The acquisition will help the company in the expansion of the Sandila unit.

Shares of India Pesticides Ltd (IPL) rose 11% to Rs 268.55 on the BSE in Wednesday’s intraday trade in an otherwise weak market after the government granted environmental clearance for the proposed project activity.

The company’s wholly-owned subsidiary, Shalvis Specialties Ltd (SSL), has received an environmental permit from the Ministry of Environment, Forest and Climate Change (Impact Assessment Division), Government of India, to establish a manufacturing plant for agrochemicals and intermediates, active pharmaceutical ingredients (API) Ingredients & Intermediates and Fine Chemicals Manufacturing Plant located in Hamirpur District, Uttar Pradesh.

IPL shares were up 9% at Rs 264.95 at 10.48 am, while the S&P BSE Sensex was down 0.06%.

IPL manufactures various pesticides (technicals and formulations) and pharmaceutical intermediates. Agrochemicals accounted for about 95% of the company’s total sales, while pharmaceutical intermediates accounted for about 5% of the company’s total sales in FY22. While the company sells a range of formulations under various brands in the Indian market, IPL’s focus is on manufacturing technology (mainly fungicide-based). IPL’s products are well-known in Indian and International markets.

However, the sales and profitability of the pesticide industry are primarily dependent on the agroclimatic conditions prevailing in the domestic and global markets. However, to mitigate risk, IPL has diversified its sales geographically.
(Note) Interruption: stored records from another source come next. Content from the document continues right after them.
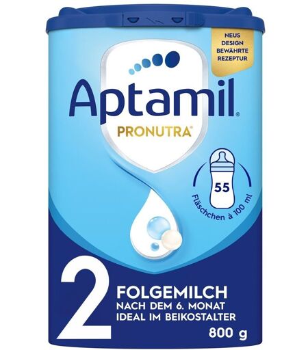Muttermilch ist die ideale Nahrung für Säuglinge in den ersten Monaten. Sie ist gut verdaulich und so zusammengesetzt, dass sie im ersten Lebenshalbjahr den Bedarf an Nährstoffen und Flüssigkeit deckt. Bei alternativer Ernährung mit Muttermilchersatzprodukten beachten Sie die Hinweise und Zubereitungsanleitungen auf den Packungen genau, denn eine unsachgemäße Zubereitung von Säuglingsanfangsnahrung kann zu gesundheitlichen Beeinträchtigungen führen.Wir empfehlen, sich vor Anwendung von Muttermilchersatznahrung ärztlich beraten zu lassen.Bitte achten Sie auf eine abwechslungsreiche und ausgewogene Ernährung und gesunde Lebensweise. Aptamil® 2 Pronutra+ Folgenahrung nach dem 6. MonatAptamil Pronutra 2 Folgemilch - Das Original. Beliebt, bewährt und stets weiterentwickelt.Dieses beliebte, bewährte und stets weiterentwickelte Folgemilch unterstützt kleine Immunsysteme. Damit ist dein Baby nach dem Stillen gut versorgt. Aptamil Pronutra Folgemilch beinhaltet den schonenden Lactofidus®-Herstellungsprozess und die einzigartige GOS/FOS Ballaststoffmischung. Durch die Immuno-Nährstoffe Vitamin C&D unterstützt Aptamil Pronutra Folgemilch das Immunsystem Ihres Babys. Aptamil ist die Nr. 1 Folgemilch in Deutschland.Eure Milchmomente sind so individuell wie ihr. Aptamil bietet hochwertige Folgemilchen an, die perfekt auf eure individuellen Bedürfnisse abgestimmt sind. Überzeugt euch selbst vom breiten Portfolio und findet heraus, welche Folgemilch für eure Bedürfnisse am Besten geeignet ist:Zutaten: Lactose (aus Milch), pflanzliche Öle, Magermilch, Molkenproteinkonzentrat (aus Milch), Stärke, Oligosaccharide (Galactooligosaccharide (aus Milch), Fructooligosaccharide), Maltodextrin, Calciumcarbonat, Fischöl, Kaliumcitrat, Calciumchlorid, Cholinchlorid, Vitamin C, Taurin, Emulgator (Sojalecithin), Eisen-II-Sulfat, Calciumorthophosphat, Magnesiumchlorid, Inositol, Vitamin E, Zinksulfat, L-Trypthophan, Nucleotide (Natriumsalze von Cytidin-, Uridin-, Inosin-, Adenosin-, Guanosin-5- monophosphaten), Niacin, L-Carnitin, Pantothensäure, Folsäure, Kupfersulfat, Vitamin A, Biotin, Vitamin B1, Vitamin D, Vitamin B12, Vitamin B6, Vitamin B2, Mangan-II-Sulfat, Kaliumjodid, Vitamin K, Natriumselenit.Nährwertangaben: Zusammensetzungpro 100 mlEnergie285 kJ/ 68 kcalEiweiß1,4 gMolke/Casein Verhältnis50/50Phenylalanin57 mgKohlenhydrate8,6 gdavonLactose6,1 gStärke1,2 gFett3 gdavongesättigte Fettsäuren1,2 geinfach ungesättigte Fettsäuren1,1 gmehrfach ungesättigte Fettsäuren0,5 gLinolsäure w-60,4 ga-Linolsäure w-30,07 gLCP20 mgBallaststoffe0,6 gMineralstoffeNatrium23 mgKalium74 mgChlorid47 mgCalcium65 mgPhosphor36 mgMagnesium4,8 mgEisen1 mgZink0,51 mgKupfer43 µg Mangan7,1 µg Selen1,7 µg Jod13 µg Fluorid< 2,9 µg VitamineVitamin A66 µg Vitamin D1,4 µg Vitamin E1,2 mgVitamin K5,1 µg Vitamin B10,05 mgVitamin B20,12 mgVitamin B60,04 mgNiacin0,43 mgPantothensäure0,34 mgFolsäure16 µg Vitamin B120,18 µg Biotin1,4 µg Vitamin C9,9 mgL-Caritin0,95 mgCholin10 mgInositol3,6 mgTaurin5,2... ...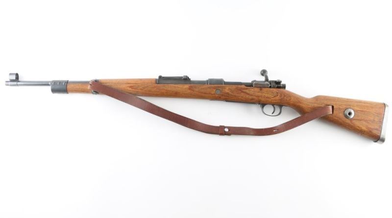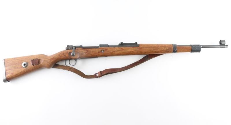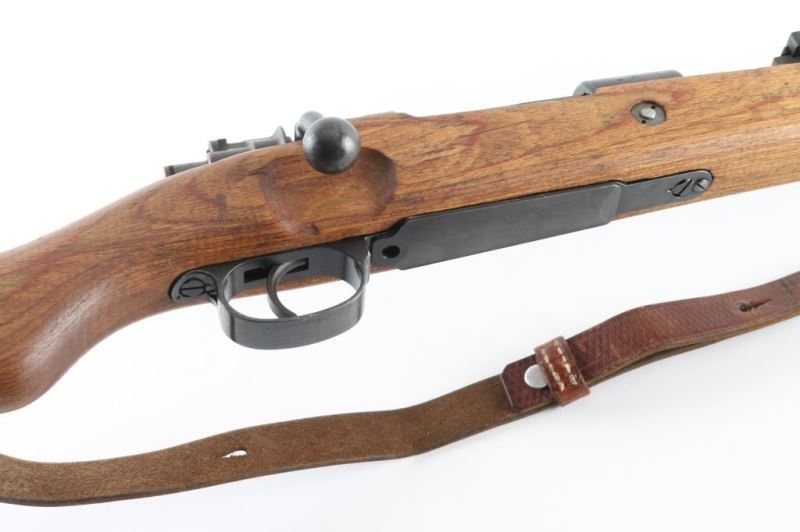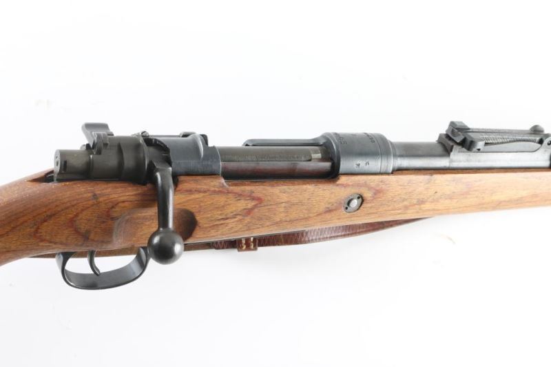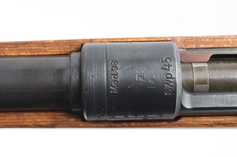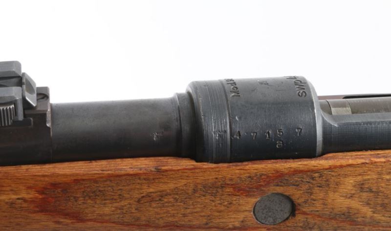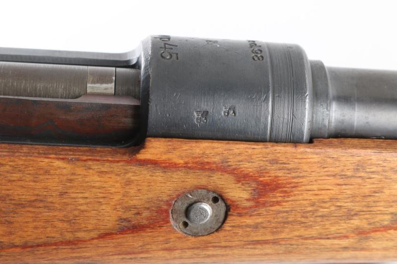 SN: 47157a. Rifle. bolt-Action. German WW2 military issued Infantry rifle. 24" barrel with hooded ramp/post front and tangent rear sights. One of the rarest late war K98 variations. Made in the last days of WW2 at the Czech Waffenfabric Brunn arsenal. Of the two variants of this rifle, this is the rarer with adjustable rear sights. The other variant had a sheet medal rear sight. Manufactured without bayonet lug, or cleaning rod. Stamped barrel bands. Receiver ring stamped "swp 45", with Eagle proof and 3 Waffenamts Eagle/63. Eagle proof left lower barrel. Serial number on left receiver ring.Waffenamt Eagle/26 stamped on the triggerguard. "1" is stamped on the floorplate. Serial number matches on the bolt, bolt sleeve, and receiver, the rest unmarked. Stock is unmarked. Cupped steel buttplate is unmarked. Modified K98 sling attached. Bore appears good with strong rifling, but dirty. Wood stock/handguard are very good. Blued finish is about 90% with handling/edge wear, and minor scratches. Extractor is plum colored. Action is crisp/tight. Unmodified examples are rare as most of these rifles saw use with Israeli, of Czechoslovakian forces. No post war marking, or import marks. NRA condition- Near Very Good. C&R Firearm.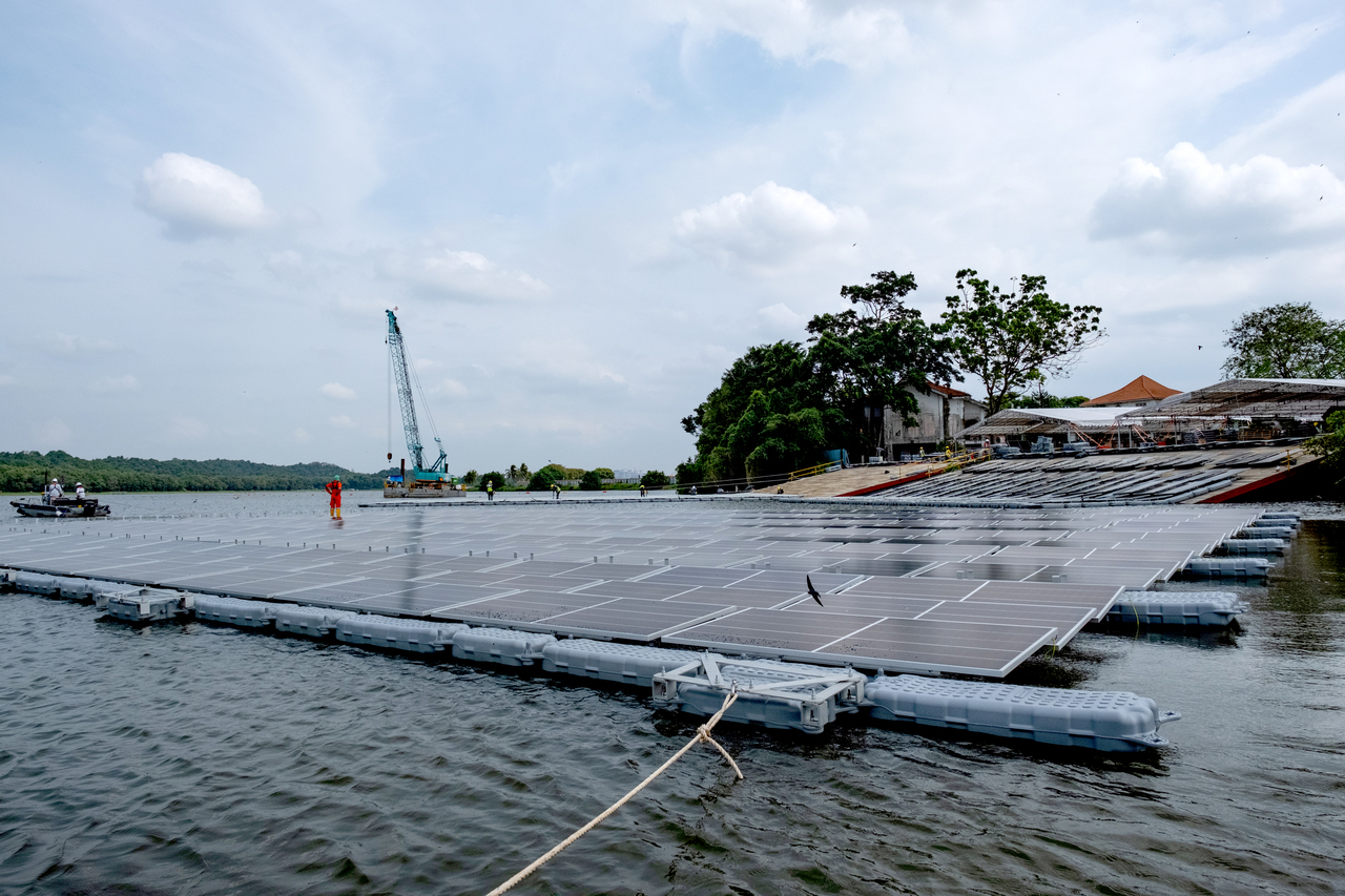 Floating solar panel arrays that have been assembled at Tengeh Reservoir. The project will be able to generate sufficient clean energy to power PUB's local water treatment plants.

The company is present in all central states of India and has access to the pesticide markets of more than 25 countries.

The pesticide industry is characterized by a high degree of fragmentation, with no single player possessing a significant market share. Intense competition leads to competitive pricing and lower profit margins. Fierce competition and focus on generic drugs have resulted in competitive pricing and lower profit margins in the domestic market. However, CARE Ratings said in its rationale that its growing emphasis on export-led growth had shielded the company from margin pressure.